The Amended and Restated Merger Agreement provides that, upon the terms and subject to the conditions thereof, as promptly as practicable (but in no event more than three business days following the date of the Amended and Restated Merger Agreement), Merger Sub I will commence a tender offer (the "Offer") to purchase (i) all of the outstanding shares of the Company's Class A Common Stock, par value $0.0001 per share (the "Company Common Stock"), at a price per share of $22.50, net to the seller in cash, without interest (the "Class A Offer Price"), (ii) all of the outstanding shares of the Company's Class B Common Stock, par value $0.0001 per share (the "Class B Shares"), at a price per share of $0.0001, net to the seller in cash, without interest; and (iii) all of the outstanding shares of the Company's Class C Common Stock, par value $0.0001 per share (the "Class C Shares")" and together with the Company Common Stock and the Class C Shares, the "Company Capital Stock"), at a price per share of $0.0001, net to the seller in cash, without interest. Holders of common units of Pluralsight Holdings (the "Holdings Units") will have the right to participate in the Offer by redeeming their Holdings Units for shares of Company Common Stock, in accordance with the limited liability company agreement of Holdings (as amended, the "Holdings LLCA"), and the tender of the shares of Company Common Stock issuable upon such redemption into the Offer.

The Amended and Restated Merger Agreement further provides that, as promptly as practicable following the completion of the Offer, upon the terms and subject to the conditions of the Amended and Restated Merger Agreement, Merger Sub I will be merged with and into the Company (the "Company Merger"), with Pluralsight continuing as the surviving corporation in the Company Merger, and Merger Sub II will be merged with and into Pluralsight Holdings (the "Holdings Merger") and together with the Company Merger, the "Mergers"), with Pluralsight Holdings continuing as the surviving entity in the Holdings Merger. The Amended and Restated Merger Agreement contemplates that the Company Merger will be effected pursuant to Section 251(h) of the Delaware General Corporation Law (the "DGCL"), which permits completion of the Company Merger without a vote of the holders of shares of Company Capital Stock if the Offer is consummated in accordance with the terms of the Amended and Restated Merger Agreement (including the satisfaction of certain conditions related to minimum participation by the holders of shares of Company Capital Stock in the Offer, as described below and more specifically set forth in the definition of "Minimum Condition" set forth on Annex I to the Amended and Restated Merger Agreement).

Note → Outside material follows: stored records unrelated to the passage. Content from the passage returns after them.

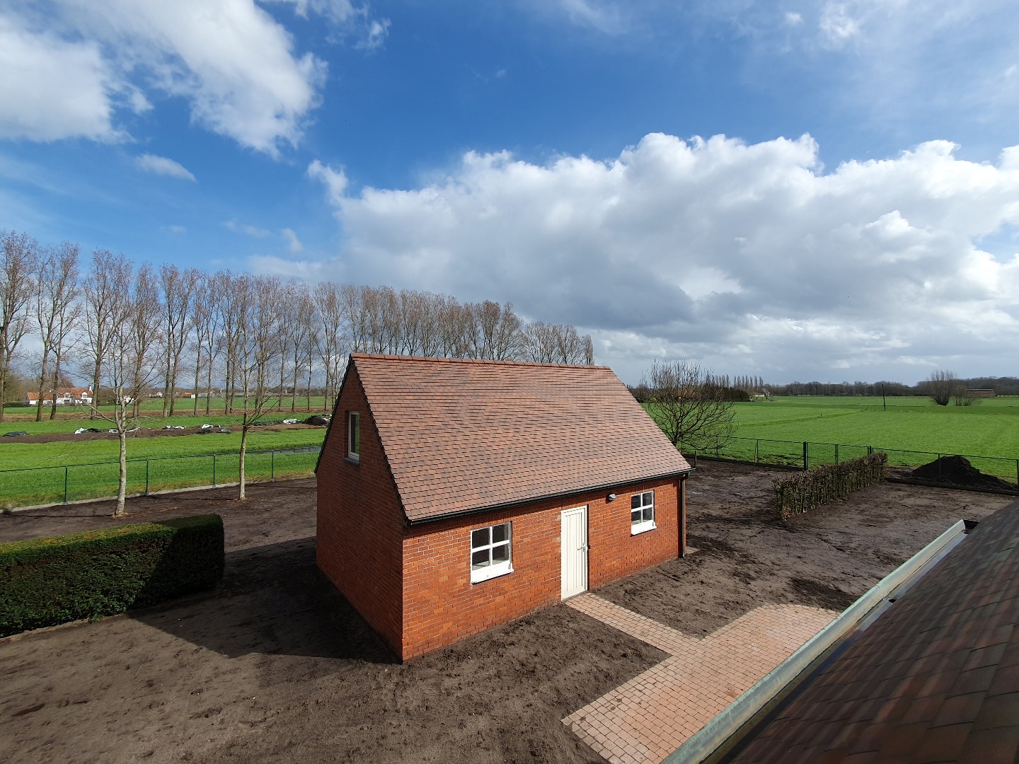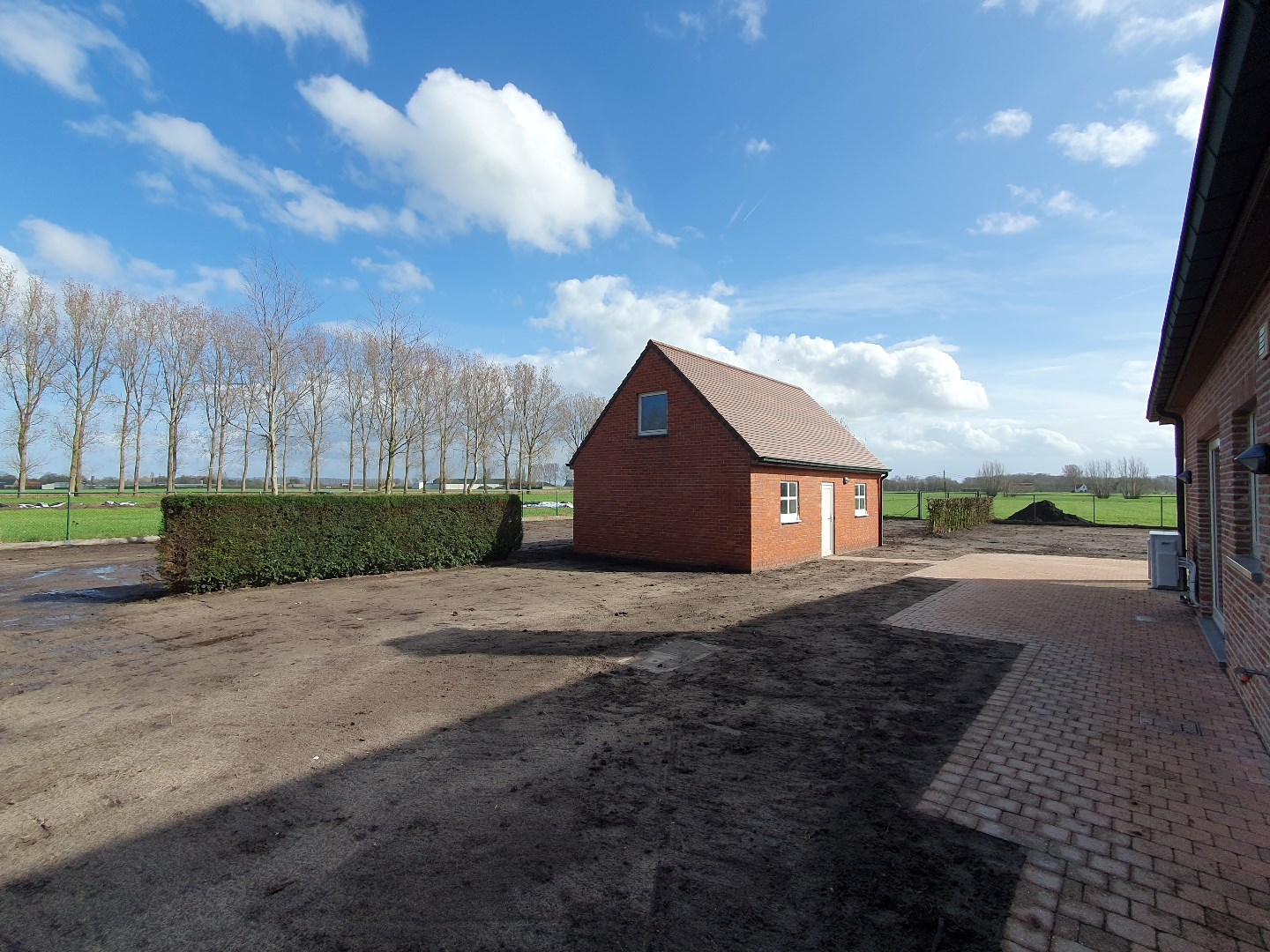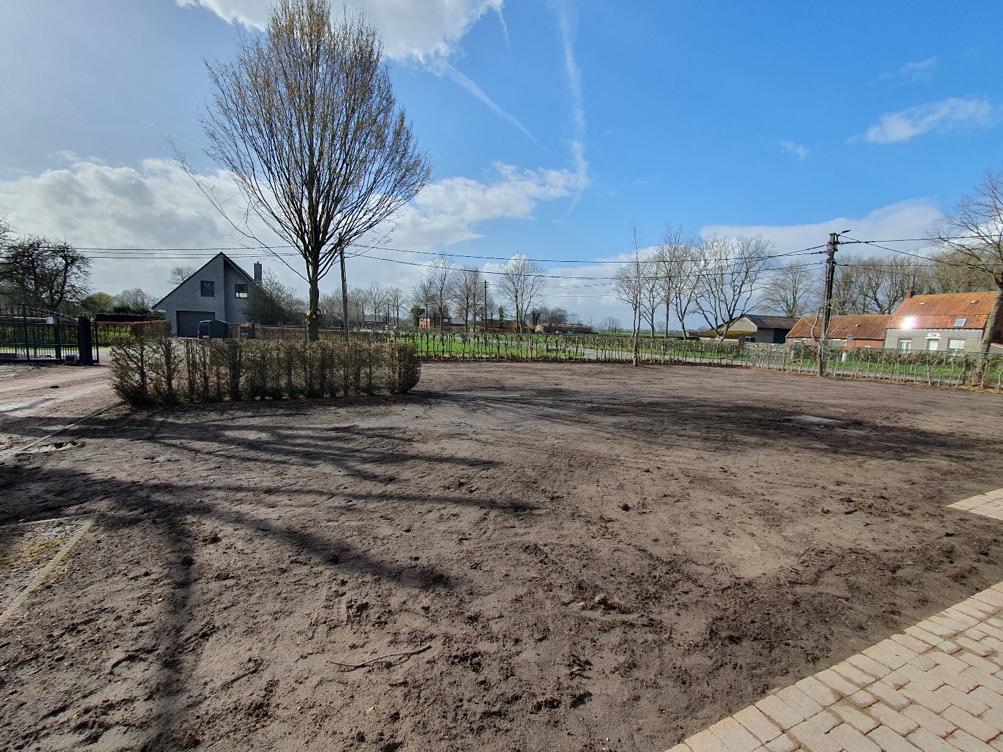 Het perceel rondom de woning werd recent genivelleerd en zal volledig ingezaaid worden. Zodat er een groot grasperk beschikbaar zal zijn.
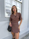 Conjunto feminino confeccionado em tecido leve e fresco. O tecido garante um caimento leve e um toque mais macio. A peça possui short com zíper no entremeio, e colete alongado com faixa para amarração na cintura.
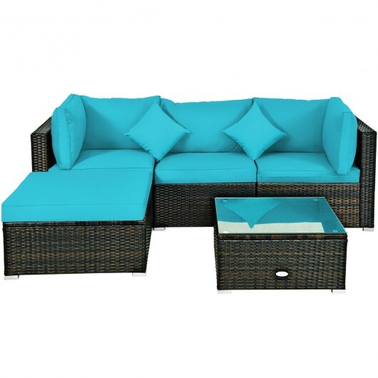 5 Pcs Outdoor Patio Rattan Furniture Set Sectional Conversation with Navy Cushions-Turquoise – Color: Turquoise
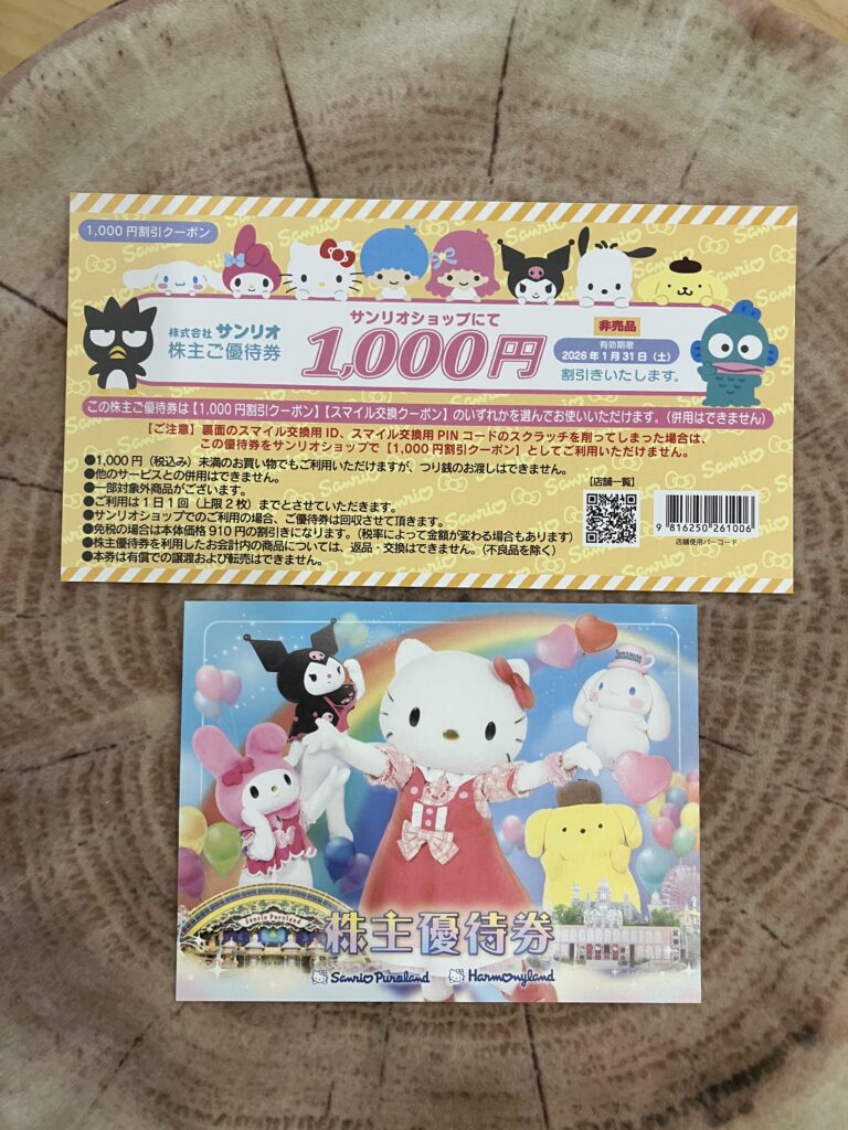 (1)サンリオピューロランドとハーモニーランドで使える優待入場券1枚
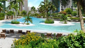 Meydan Horizon ist um eine vier Kilometer lange Uferpromenade angelegt, gesäumt von Restaurants, Cafés, Geschäften und Parks. Bewohner von Wynwood Horizon genießen direkten Zugang zu vier Lagunen mit feinsandigen Stränden und schattigen Cabanas.
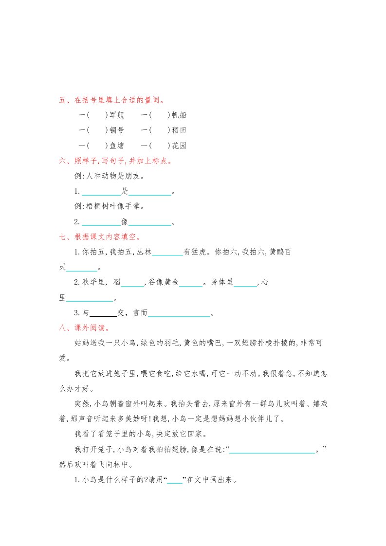 当前位置: 首页小学资源小学二年级正文 二年级语文上册第二单元提升练习(部编)_共5页 小学二年级 2 周前 0 0 5 以上为部分内容预览,如需源文档请登录您的会员账号进行下载! 声明:本站所有文章,如无特殊说明或标注,均为本站原创发布。任何个人或组织,在未征得本站同意时,禁止复制、盗用、采集、发布本站内容到任何网站、书籍等各类媒体平台。如若本站内容侵犯了原著者的合法权益,可联系我们进行处理。 尚学资源永久会员 打赏 收藏 海报 链接
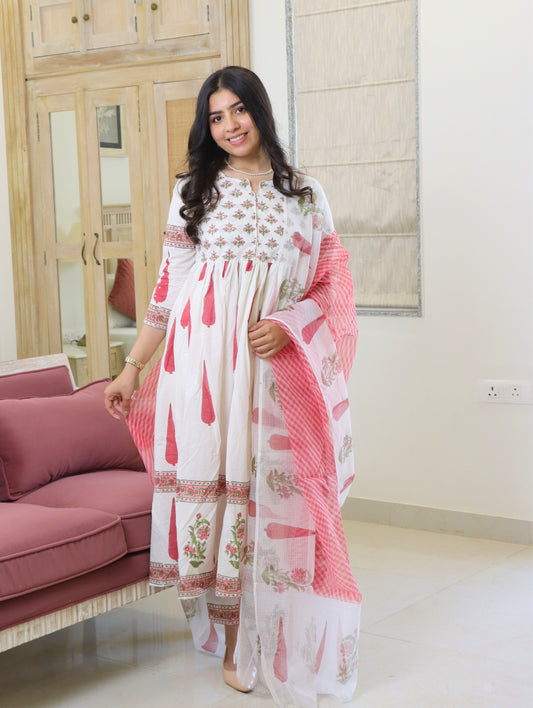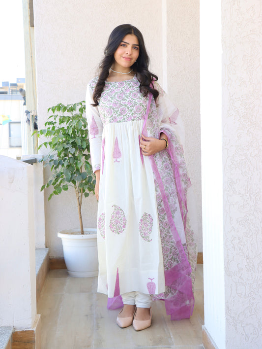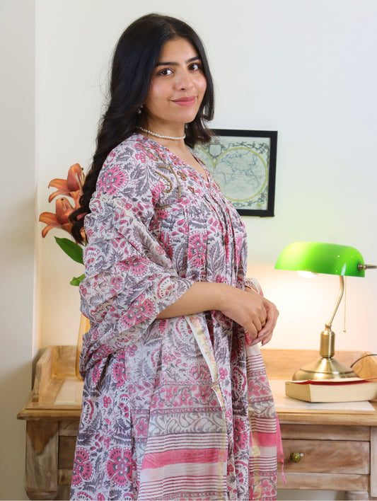 Pink and Gray Hibiscus Gathered A-Line Kurta Set

At the effective times of the Mergers:





    (i)  each share of Company Common Stock outstanding as of immediately prior to
         the effective time of the Company Merger (except as otherwise provided in
         the Amended and Restated Merger Agreement) will be cancelled and
         automatically converted into the right to receive cash in an amount equal
         to the Class A Offer Price, without interest; and




    (ii) each Holdings Unit outstanding as of immediately prior to the effective
         time of the Holdings Merger (except as otherwise provided in the Amended
         and Restated Merger Agreement) will be cancelled and automatically
         converted into the right to receive cash in an amount equal to the
         Class A Offer Price, without interest.

In addition, at the effective times of the Mergers, each Class B Share and Class C Share corresponding to each Holdings Unit outstanding as of immediately prior to the effective time of the Company Merger (except as otherwise provided in the Amended and Restated Merger Agreement) will be cancelled and automatically converted into the right to receive cash in an amount equal to $0.0001, without interest, as provided in the amended and restated certificate of incorporation of Pluralsight.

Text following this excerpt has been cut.